▶ _EXERCISE_
The listing below holds a line with "Fyra kilometer mestadels" and a later line with "Friulane shoes (or". Write out those two lines and every line between them, exactly, and nothing else.

▶ _LISTED ENTRIES_
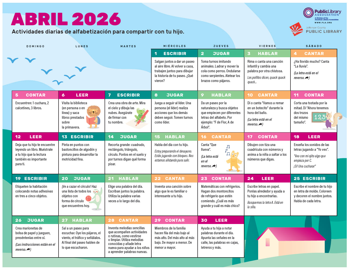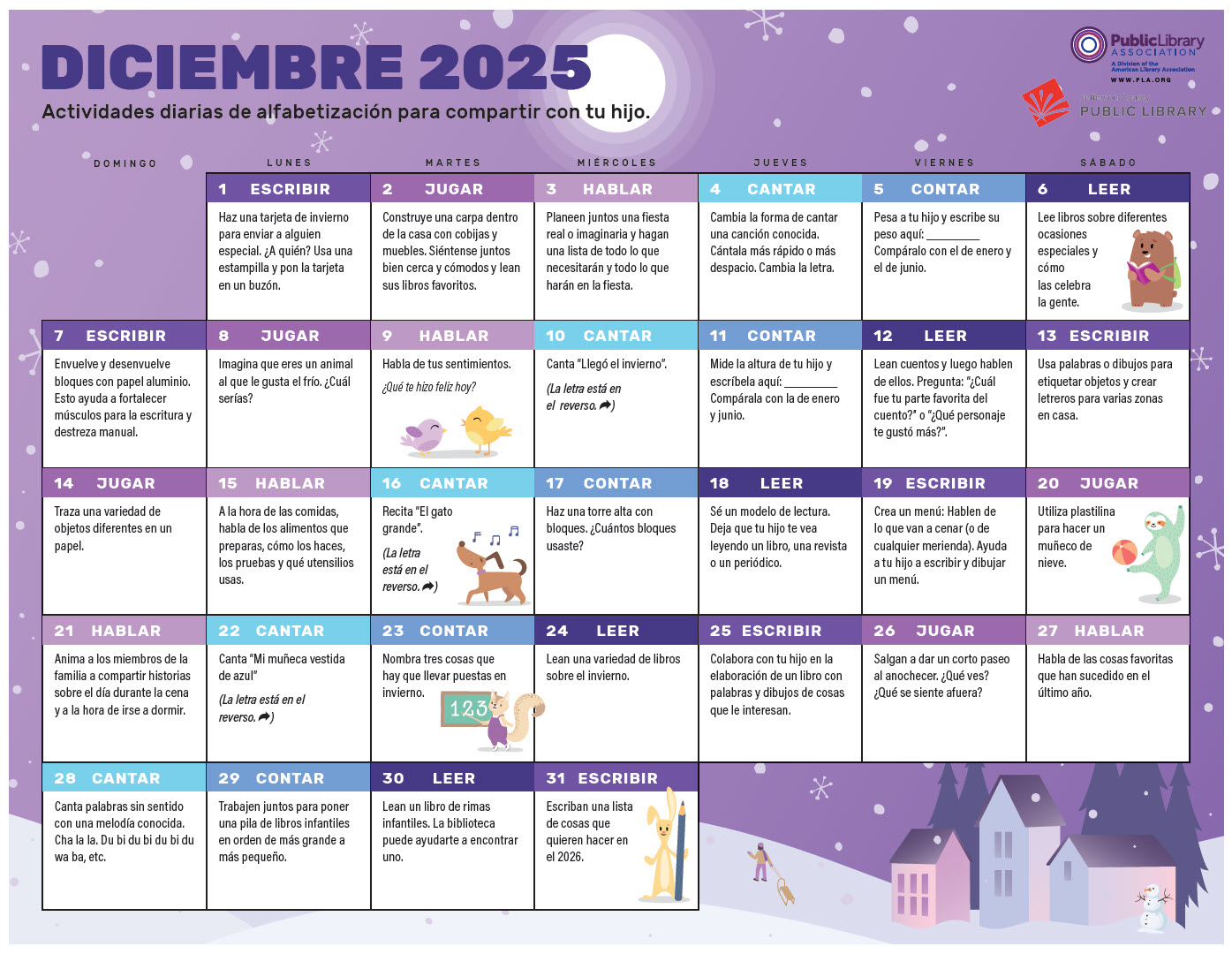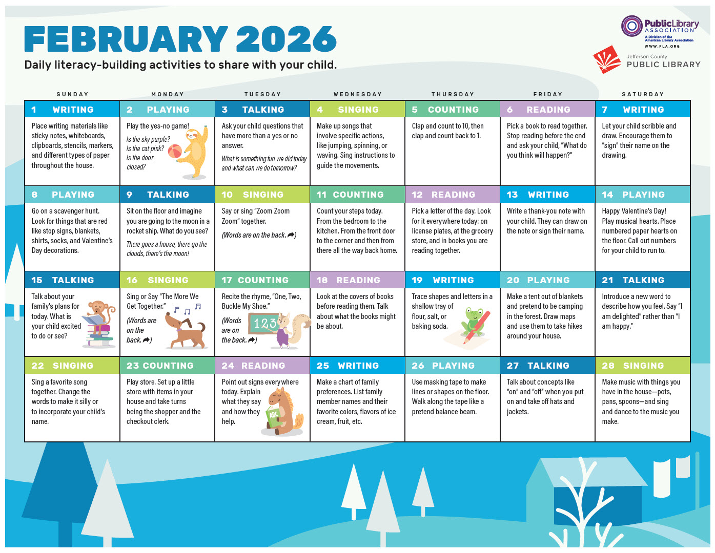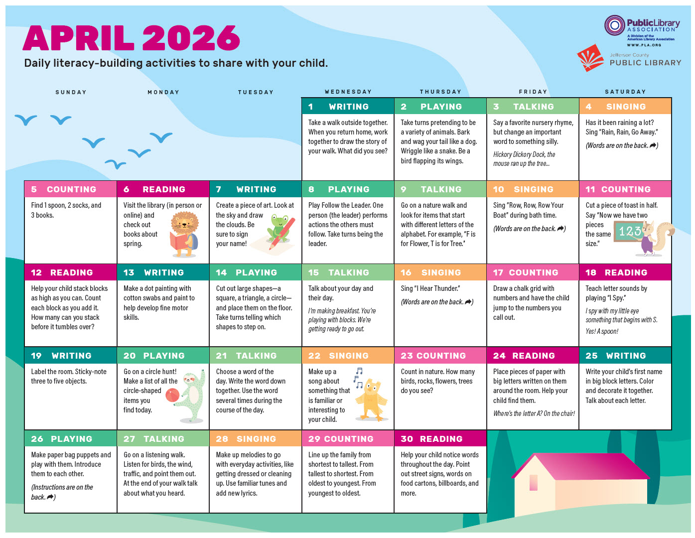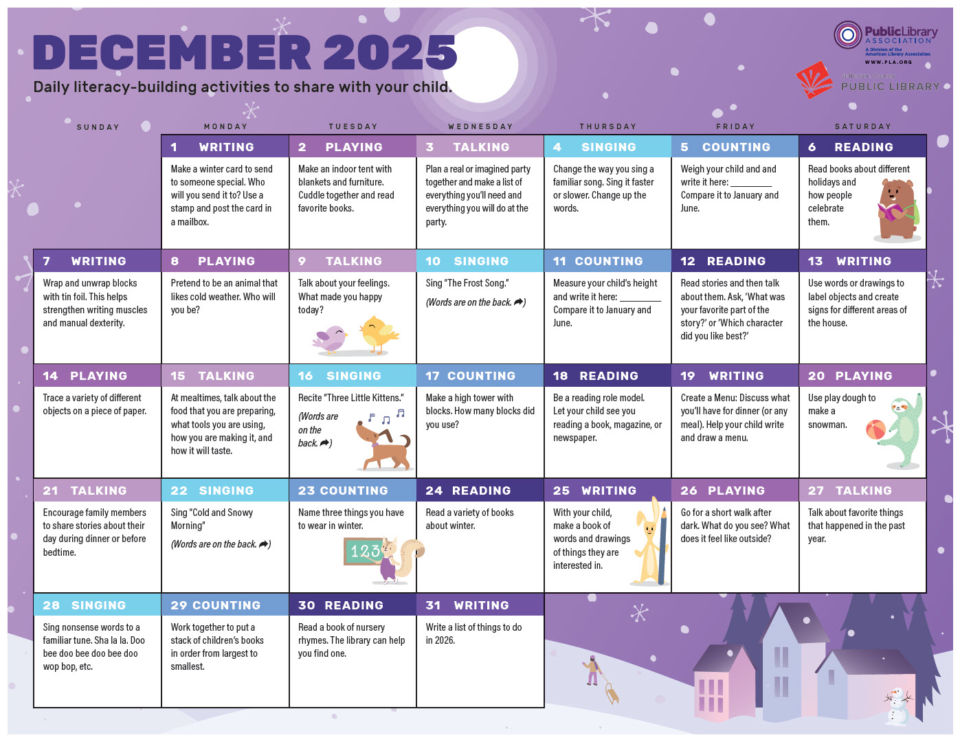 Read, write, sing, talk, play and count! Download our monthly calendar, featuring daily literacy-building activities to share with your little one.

==

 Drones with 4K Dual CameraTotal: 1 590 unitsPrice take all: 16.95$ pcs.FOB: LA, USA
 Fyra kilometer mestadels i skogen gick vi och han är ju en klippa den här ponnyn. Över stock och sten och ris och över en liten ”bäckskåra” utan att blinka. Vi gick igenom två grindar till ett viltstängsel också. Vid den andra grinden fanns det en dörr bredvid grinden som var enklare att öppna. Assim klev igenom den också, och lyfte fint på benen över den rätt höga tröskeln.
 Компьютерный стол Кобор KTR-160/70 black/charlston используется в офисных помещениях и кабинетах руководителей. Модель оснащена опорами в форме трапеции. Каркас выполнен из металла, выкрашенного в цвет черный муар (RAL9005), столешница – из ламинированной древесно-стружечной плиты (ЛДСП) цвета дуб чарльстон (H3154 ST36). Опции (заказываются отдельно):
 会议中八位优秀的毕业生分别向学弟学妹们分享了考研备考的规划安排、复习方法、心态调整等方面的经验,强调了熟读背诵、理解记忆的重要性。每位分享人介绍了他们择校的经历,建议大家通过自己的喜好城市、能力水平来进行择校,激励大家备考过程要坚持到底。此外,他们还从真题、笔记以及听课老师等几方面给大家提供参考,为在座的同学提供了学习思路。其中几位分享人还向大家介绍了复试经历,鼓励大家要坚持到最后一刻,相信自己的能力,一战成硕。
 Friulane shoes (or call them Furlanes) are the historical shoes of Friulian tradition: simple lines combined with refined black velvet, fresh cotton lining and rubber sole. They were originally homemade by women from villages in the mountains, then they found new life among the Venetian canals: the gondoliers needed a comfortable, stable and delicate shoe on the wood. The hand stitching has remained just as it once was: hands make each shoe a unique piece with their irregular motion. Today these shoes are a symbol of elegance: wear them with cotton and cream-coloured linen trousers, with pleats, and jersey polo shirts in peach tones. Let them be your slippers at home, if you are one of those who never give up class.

▶ _ANSWER FOR THE TASK_
 Fyra kilometer mestadels i skogen gick vi och han är ju en klippa den här ponnyn. Över stock och sten och ris och över en liten ”bäckskåra” utan att blinka. Vi gick igenom två grindar till ett viltstängsel också. Vid den andra grinden fanns det en dörr bredvid grinden som var enklare att öppna. Assim klev igenom den också, och lyfte fint på benen över den rätt höga tröskeln.
 Компьютерный стол Кобор KTR-160/70 black/charlston используется в офисных помещениях и кабинетах руководителей. Модель оснащена опорами в форме трапеции. Каркас выполнен из металла, выкрашенного в цвет черный муар (RAL9005), столешница – из ламинированной древесно-стружечной плиты (ЛДСП) цвета дуб чарльстон (H3154 ST36). Опции (заказываются отдельно):
 会议中八位优秀的毕业生分别向学弟学妹们分享了考研备考的规划安排、复习方法、心态调整等方面的经验,强调了熟读背诵、理解记忆的重要性。每位分享人介绍了他们择校的经历,建议大家通过自己的喜好城市、能力水平来进行择校,激励大家备考过程要坚持到底。此外,他们还从真题、笔记以及听课老师等几方面给大家提供参考,为在座的同学提供了学习思路。其中几位分享人还向大家介绍了复试经历,鼓励大家要坚持到最后一刻,相信自己的能力,一战成硕。
 Friulane shoes (or call them Furlanes) are the historical shoes of Friulian tradition: simple lines combined with refined black velvet, fresh cotton lining and rubber sole. They were originally homemade by women from villages in the mountains, then they found new life among the Venetian canals: the gondoliers needed a comfortable, stable and delicate shoe on the wood. The hand stitching has remained just as it once was: hands make each shoe a unique piece with their irregular motion. Today these shoes are a symbol of elegance: wear them with cotton and cream-coloured linen trousers, with pleats, and jersey polo shirts in peach tones. Let them be your slippers at home, if you are one of those who never give up class.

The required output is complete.